Before Your AI Assistant Sends That Wire Transfer, Does It Know How Confident It Is?
Apple ML Research says AI agents need a built-in pause button before they take actions that cannot be undone. Here is why that matters for anyone whose bank, app, or workplace now runs on AI.

Key points
- Apple ML Research published a study on uncertainty quantification (UQ) for AI function-calling, warning that overconfident AI agents can cause irreversible harm.
- Large language models are increasingly used to carry out real-world tasks such as transferring money, booking flights, or deleting files on a user's behalf.
- The research argues that measuring an AI model's own confidence before it acts could prevent costly, hard-to-reverse mistakes.
- Current function-calling systems often execute actions without any internal check on whether the AI is actually sure it is doing the right thing.
Imagine asking a voice assistant to pay your electricity bill. It hears your instruction, decides which bank account to use, picks an amount, and sends the payment. Done. Except: what if it misread your instruction? What if it sent ten times the amount? The money is gone.
This is the problem that researchers at Apple ML Research set out to tackle. Their work focuses on what happens when a large language model, the technology behind chatbots like ChatGPT and Claude, is given the ability to call functions, meaning it can reach out and actually do things in the world rather than just answer questions in a chat window.
Function-calling is already everywhere. When an AI books a restaurant, queries a database, or fires off an email on your behalf, it is using this capability. The convenience is real. So is the risk.
The researchers point out a gap that most users would never think to ask about: does the AI know how confident it is before it acts? Right now, most systems do not check. The model makes a decision and the action runs, regardless of whether the AI was 95 percent certain or barely guessing.
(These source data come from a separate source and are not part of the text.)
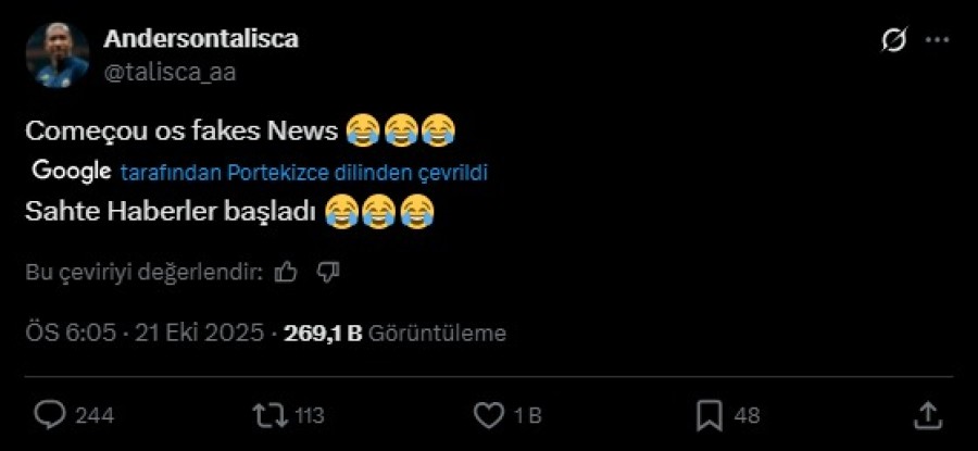 SPOR, 21 Ekim 2025 Salı, 19:45Fenerbahçe forması giyen Anderson Talisca, hakkında çıkan ayrılık iddialarına yanıt verdi. Talisca, "Sahte haberler başladı" dedi.
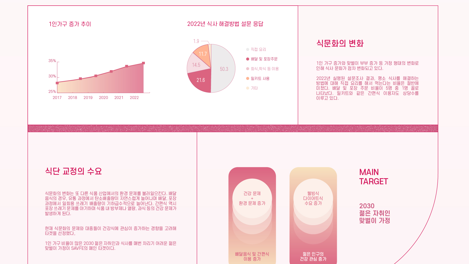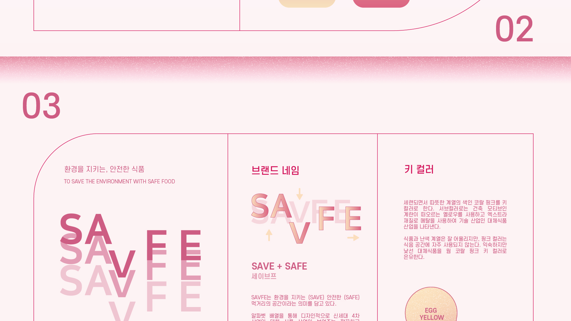SAVFE는 대체 식품을 친숙하게 인식시키고 노출하는 공간이다. 환경을 구하고 (SAVE) 안전한 (SAFE) 먹거리의 공간으로 대체 식품의 생산부터 조리까지 전 과정을 경험할 수 있다. SAVFE는 푸드 컨설팅 콘텐츠를 포함하여 이용자의 생활 스타일 변화까지 이어진다. 핑크의 키 컬러를 이용해 공간을 구성하여 따듯하지만 식음 공간에서는 자주 사용되지 않은 컬러를 통해 새로운 푸드 컬쳐 스페이스 트렌드를 제시한다.
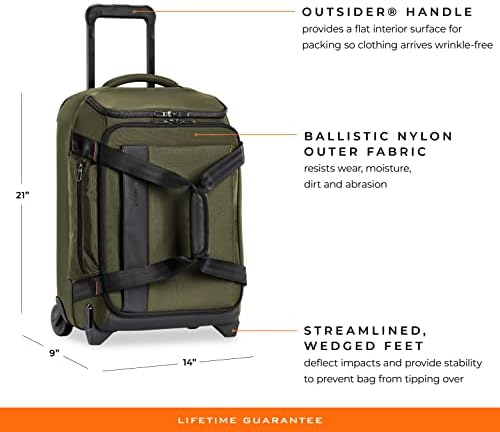 The ZDX 21” Carry-On Wheeled Duffle offers the best of everything, combining the roominess of a duffle with the convenience of a wheeled carry-on. It boasts our patented Outsider handle for a flat, roomier interior, perfect for bulky sports gear or parkas, plus an easy-access pocket to hold items for security checkpoints and an outside battery pocket so you can keep charging your phone as you roll along to your weekend adventure.
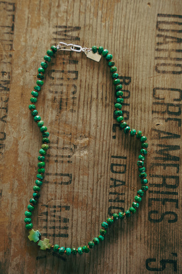 Beautiful beautiful chunky Kingman turquoise beads in a deep green hue with offset hand carved turquoise cross on hand knotted silk. Simple and gorgeous. Sterling silver s-clasp.
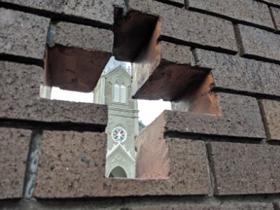 教会前のレンガ塀には十字架のくり抜き。五島列島の教会は、禁教期に信徒たちが潜伏していた場所に建てられたものが多かったのですが、この崎津教会はかつて「絵踏み」が行われた屋敷があった場所に建てられています。

Uncertainty quantification, or UQ, is the technical term for measuring that confidence level. Think of it like a surgeon's checklist: before you cut, you confirm you have the right patient, the right procedure, the right site. The idea here is to give AI agents a similar pause, a built-in moment where the system asks itself whether it is truly sure enough to proceed.
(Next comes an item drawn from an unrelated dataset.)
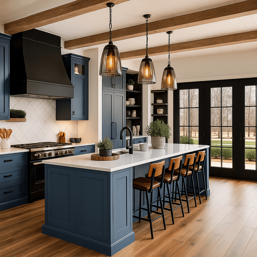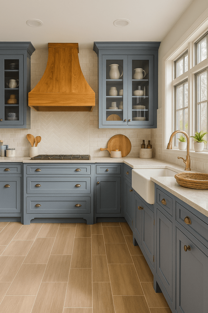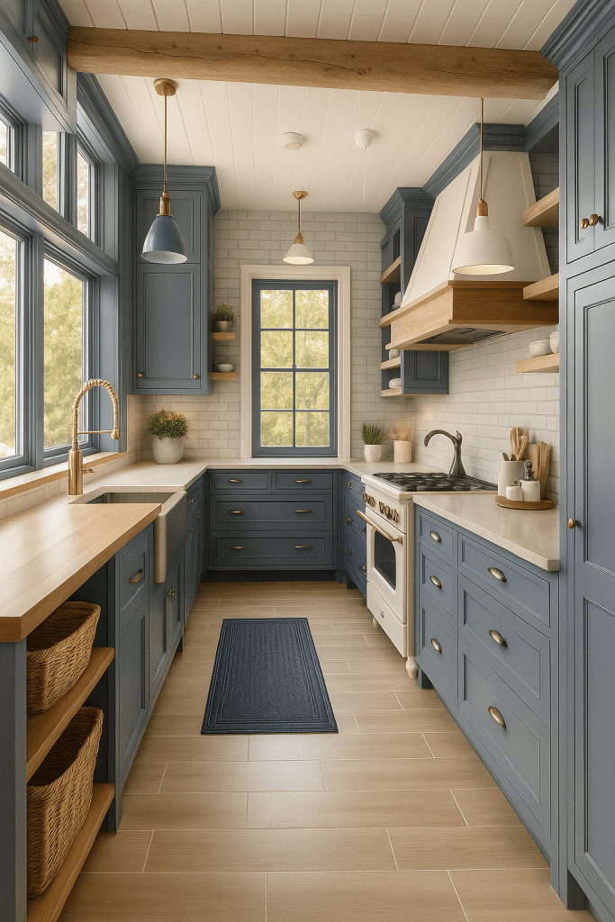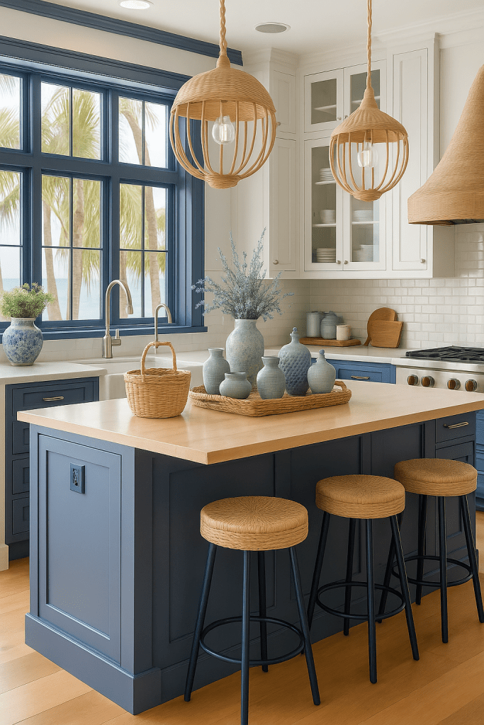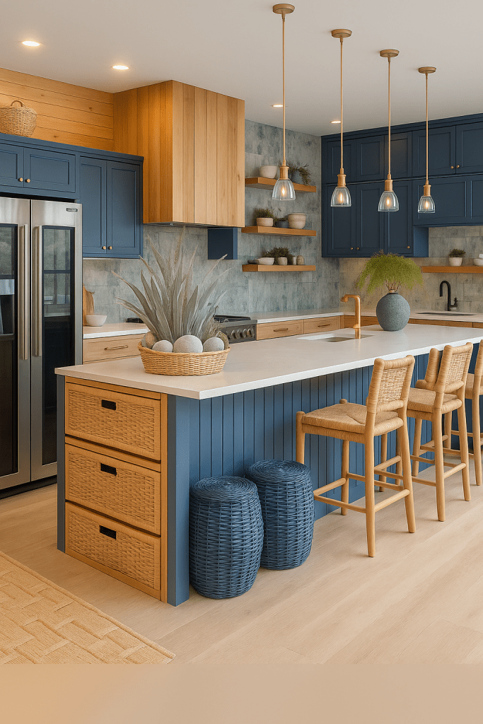 From soft sky blue cabinetry to bold navy islands, these kitchens show how you can adapt the style to fit your space — whether you prefer modern coastal, rustic charm, or a refined classic look.

This matters most for irreversible actions. Deleting a file, sending a payment, cancelling a subscription: these are the moves where a wrong call is expensive or impossible to undo. A confident, wrong AI agent is a much bigger problem than a hesitant one that asks for confirmation.
Apple ML Research argues that UQ methods should be built into the function-calling pipeline itself, not bolted on afterward.
Should ordinary users be worried right now?
Not immediately, but you should pay attention to which tasks you hand to AI agents. The risk grows as AI tools gain more access to your accounts, files, and services. A few practical things to watch for:
- If an app offers AI automation for financial actions, check whether it asks you to confirm before completing a transaction.
- Be cautious about granting AI tools broad permissions. Narrow access, limited to the one task you need, reduces the blast radius of any mistake.
- If an AI assistant acts in a way that surprises you, report it through the app's feedback channel. These reports genuinely help researchers find failure cases.
The researchers are not saying AI agents are too dangerous to use. They are saying the tools need a confidence check before they act. That is a reasonable thing to ask for.